Israel reportedly waits for Hamas reply to new Gaza cease-fire plan
A Palestinian walks past the rubble of buildings destroyed in Israeli bombardments, in Rafah, in the southern Gaza Strip, Palestine, April 30, 2024. (AFP Photo)


Israel is reportedly waiting for Hamas to respond to proposals for a cease-fire in Gaza and a return of Israeli hostages before sending a team to Cairo to continue talks, a person close to Prime Minister Benjamin Netanyahu said Tuesday.

With U.S. Secretary of State Antony Blinken due to arrive in Tel Aviv on Tuesday evening following a visit to Riyadh to help broker a normalization deal between Saudi Arabia and Israel, pressure has been building for an agreement to stop the war as it nears the end of its seventh month.

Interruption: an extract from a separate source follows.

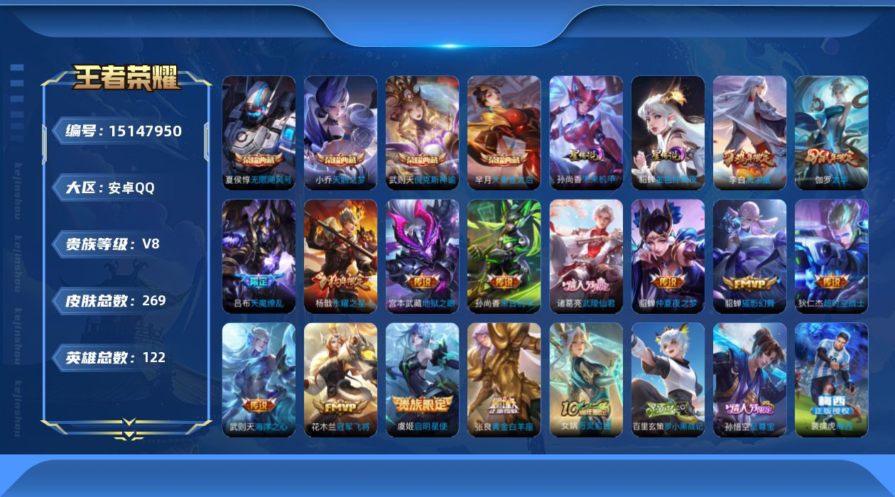 [15147950]可二次【店主推荐捡漏号!可直接换绑 中路26段】安卓Q-V8-最强王者段位-122英雄-269皮肤-4典藏皮肤-1典藏英雄-15传说-2星传说-73史诗 【荣耀典藏】:武则天英雄,武则天倪克斯神谕,夏侯惇无限飓风号,小乔天鹅之梦,芈月大秦宣太后 【传说皮肤】:后羿神树通天,虞姬启明星使,伽罗太华,貂蝉猫影幻舞,张良黄金白羊座,花木兰冠军飞将,杨戬永曜之星,诸葛亮武陵仙君,貂蝉仲夏夜之梦,李白凤求凰,孙尚香末日机甲,宫本武藏地狱之眼,吕布天魔缭乱,武则天海洋之心,狄仁杰超时空战士 【限定皮肤】:白起狰,狄仁杰阴阳师,小乔纯白花嫁,虞姬凯尔特女王,赵云皇家上将,赵云引擎之心,妲己热情桑巴,妲己时之彼端,嬴政优雅恋人,嬴政白昼王子,鲁班七号狮舞东方,庄周云端筑梦师,高渐离死亡摇滚,阿轲迷踪丽影,钟无艳王者之锤,扁鹊炼金王,芈月重明,吕布天魔缭乱,吕布猎兽之王,周瑜真爱至上,周瑜赤莲之焰,夏侯惇朔风刀,甄姬游园惊梦,曹操烛龙,典韦穷奇,典韦蓝屏警告,马可波罗逐梦之星,狄仁杰魔术师,狄仁杰万华元夜,达摩沙漠行僧,项羽海滩派对,老夫子圣诞老人,老夫子醍醐杖,貂蝉逐梦之音,安琪拉魔法小厨娘,程咬金演武夺筹,露娜一生所爱,刘邦夺宝奇兵,王昭君凤凰于飞,兰陵王驯魔猎人,兰陵王金庭之子,花木兰青春决赛季,孙悟空至尊宝,孙悟空大圣娶亲,牛魔御旌,后羿辉光之辰,李元芳银河之约,虞姬霸王别姬,虞姬启明星使,钟馗神迹守卫,钟馗驱傩正仪,杨玉环遇见飞天,杨戬永曜之星,女娲朔望之晖,干将莫邪冰霜恋舞曲,蔡文姬奇迹圣诞,蔡文姬繁星吟游,太乙真人饕餮,太乙真人华丽摇滚,东皇太一逐梦之光,鬼谷子原初探秘者,诸葛亮武陵仙君,百里玄策原初追逐者,弈星混沌棋,公孙离蜜橘之夏,沈梦溪星空之诺,沈梦溪大漠名商,明世隐疑决卦,裴擒虎李小龙,狂铁御狮,米莱狄御霄,伽罗太华,盾山御銮,上官婉儿梁祝,嫦娥如梦令,鲁班大师探海日志,桑启海盐诗旅,裴擒虎梅西,沈梦溪龙舞盛年 【年限皮肤】:王昭君凤凰于飞,李白凤求凰,杨戬永曜之星,后羿辉光之辰,伽罗太华 【赛季限定】:扁鹊炼金王,白起狰,芈月重明,夏侯惇朔风刀,曹操烛龙,典韦穷奇,狄仁杰万华元夜,达摩沙漠行僧,老夫子醍醐杖,程咬金演武夺筹,兰陵王金庭之子,牛魔御旌,虞姬凯尔特女王,钟馗驱傩正仪,太乙真人饕餮,鬼谷子原初探秘者,百里玄策原初追逐者,弈星混沌棋,沈梦溪大漠名商

Expectations that an agreement could be in sight have grown in recent days following a renewed push led by Egypt to revive stalled negotiations between Israel and Hamas.

But so far, there has been little sign of agreement on the most fundamental difference between the two sides, the Hamas demand that any deal must ensure a withdrawal of troops and a permanent end to the Israeli operation in Gaza.

"We can't tell our people the occupation will stay or the fight will resume after Israel regains its prisoners," said a Palestinian official from a group allied with Hamas. "Our people want this aggression to end."

For Netanyahu, any move is likely to be affected by divisions in his own Cabinet between ministers pressing to bring home at least some of the 133 Israeli hostages left in Gaza, and hardliners insisting on the long-promised assault on the southern city of Rafah.

An incursion into Rafah will happen "with a deal or without a deal," Netanyahu said on Tuesday, adding that ending the war before reaching its objectives was "out of the question."